Дмитрий рассеянно выслушал Ольгу и молча махнул рукой.

— Ты почему ничего не ответил? Валентина Петровна приходила специально из-за тебя. Она хочет помочь нам. Обещала порекомендовать тебя директору школы… Как-никак, она инструктор райкома партии. С ней считаются.

— У меня уже иссякли слова благодарственно отвечать на все благодеяния. Передай ей мое спасибо за участие.

— Ты же прекрасно знаешь логику. У тебя были научные студенческие доклады по этому предмету.

— Вот именно: все это было… Все в прошлом!..

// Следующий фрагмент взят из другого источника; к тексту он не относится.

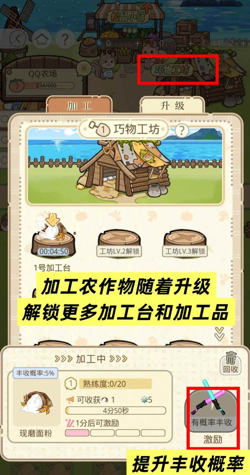 工坊等级提升,可解锁更多加工台,同时加工更多物品

— Митя!.. Прошу тебя!.. Сделай это для меня. Сходи в школу. Хочешь, я пойду с тобой?

И опять слезы…

— Не плачь… Я сделаю так, как хочешь ты. Завтра пойду в эту школу. Дай мне адрес.

…И вот после бессонной ночи наступило это «завтра». С документами, завернутыми в газету, Дмитрий долго искал переулок, в котором находилась школа.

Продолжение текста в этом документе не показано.